EXERCISE – Don't include any picture when you restate the data word for word.

PROVIDED DATA –
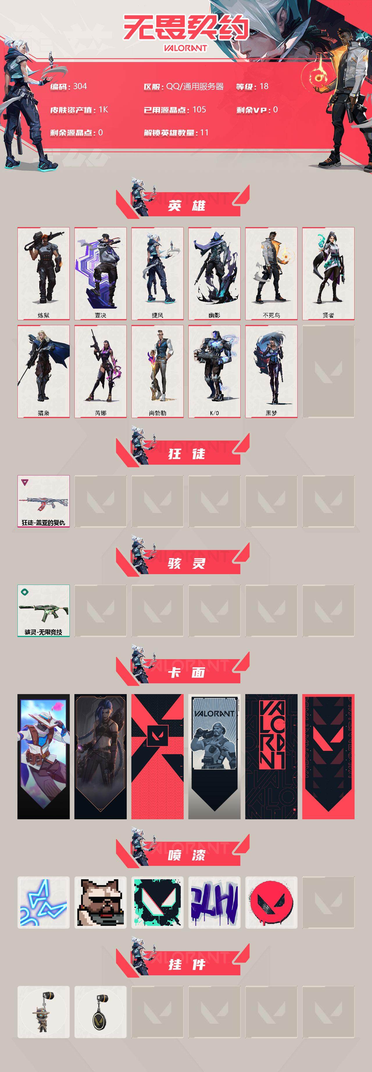 [12956712]【英雄】:炼狱,壹决,捷风,幽影,不死鸟,贤者,猎枭,芮娜,尚勃勒,K/O,黑梦 【狂徒】:狂徒-盖亚的复仇 【骇灵】:骇灵-无限竞技 【卡面】:无畏契约GO!第一卷:零 卡面,《双城之战》金克丝 卡面,代号红色 卡面,新兵报到 卡面,V契约 卡面,无畏契约 卡面 【喷漆】:霓光四射 喷漆,关门放狗 喷漆,胜利属于无畏契约 喷漆,GLHF 喷漆,无畏契约 喷漆 【挂饰】:无畏契约GO!第一卷 零 挂饰,无畏契约 纪念币 挂饰
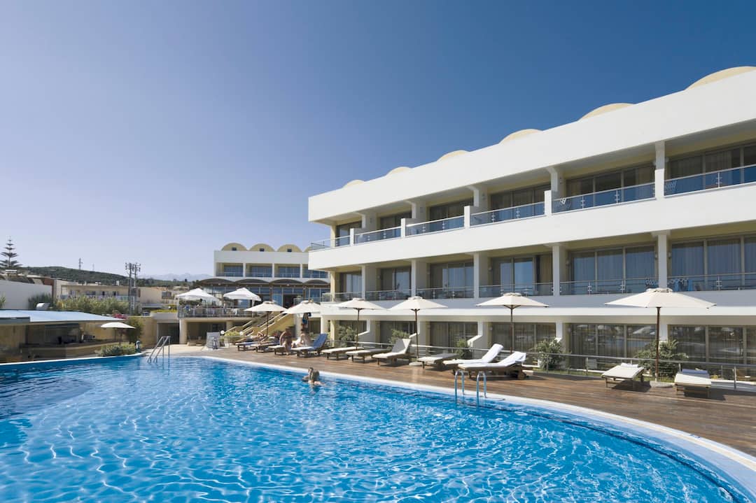 The traditional Greek resort of Aghia Marina is nestled in the northwest coast of the island of Crete. This quiet and relaxed town invites you to experience an authentic Greek lifestyle, with its spectacular scenery and long white sandy beach. Although peaceful, it still has all the amenities required for an easy-going holiday, including plenty of restaurants serving traditional Greek dishes, as well as bars, clubs and an array of fantastic watersports.
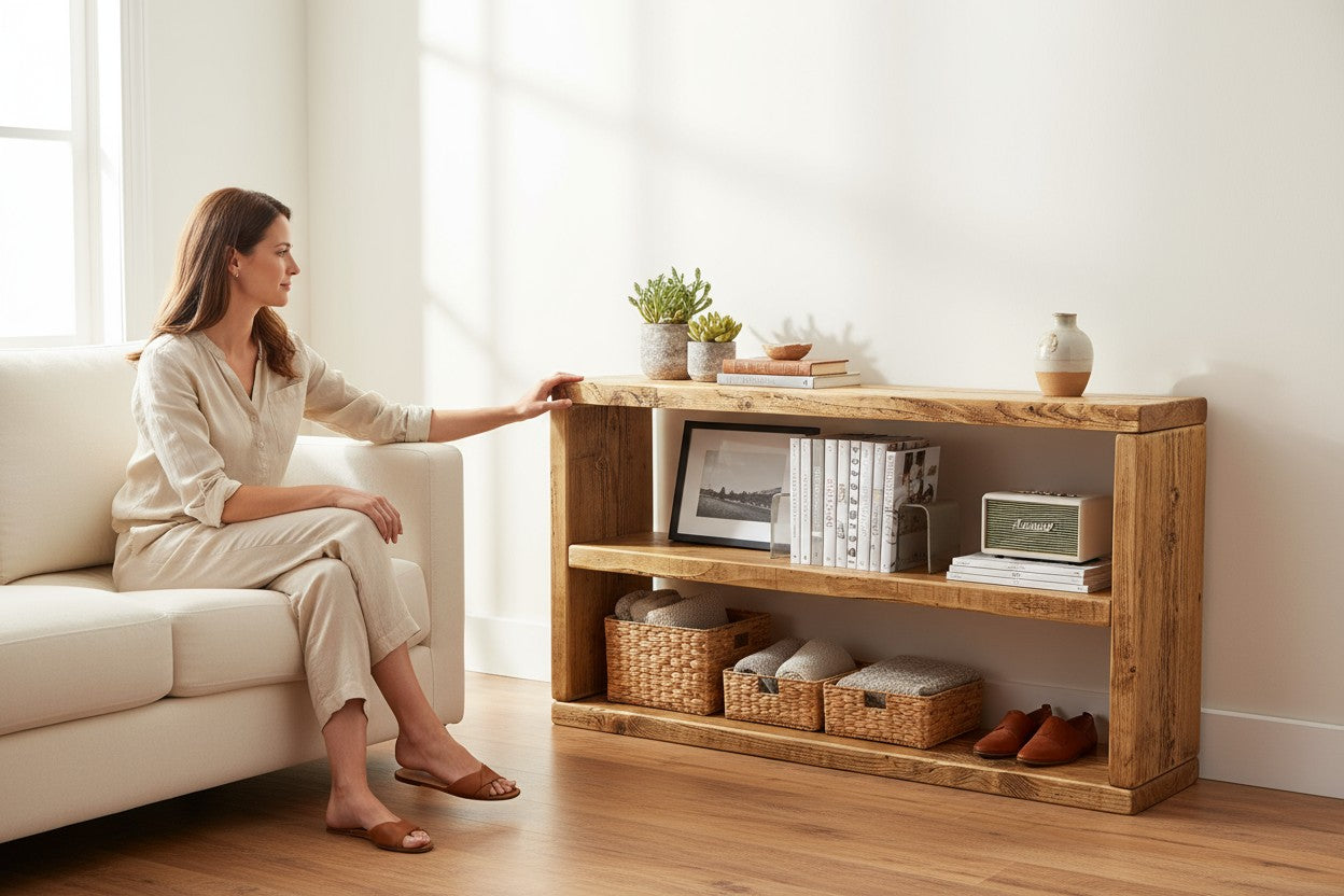 Keep your home organised with our handcrafted reclaimed wood shoe rack – where practical storage meets rustic charm. Each piece showcases authentic wood grain and character marks that only genuine reclaimed timber can provide.

ANSWER BELOW –
 [12956712]【英雄】:炼狱,壹决,捷风,幽影,不死鸟,贤者,猎枭,芮娜,尚勃勒,K/O,黑梦 【狂徒】:狂徒-盖亚的复仇 【骇灵】:骇灵-无限竞技 【卡面】:无畏契约GO!第一卷:零 卡面,《双城之战》金克丝 卡面,代号红色 卡面,新兵报到 卡面,V契约 卡面,无畏契约 卡面 【喷漆】:霓光四射 喷漆,关门放狗 喷漆,胜利属于无畏契约 喷漆,GLHF 喷漆,无畏契约 喷漆 【挂饰】:无畏契约GO!第一卷 零 挂饰,无畏契约 纪念币 挂饰
 The traditional Greek resort of Aghia Marina is nestled in the northwest coast of the island of Crete. This quiet and relaxed town invites you to experience an authentic Greek lifestyle, with its spectacular scenery and long white sandy beach. Although peaceful, it still has all the amenities required for an easy-going holiday, including plenty of restaurants serving traditional Greek dishes, as well as bars, clubs and an array of fantastic watersports.
 Keep your home organised with our handcrafted reclaimed wood shoe rack – where practical storage meets rustic charm. Each piece showcases authentic wood grain and character marks that only genuine reclaimed timber can provide.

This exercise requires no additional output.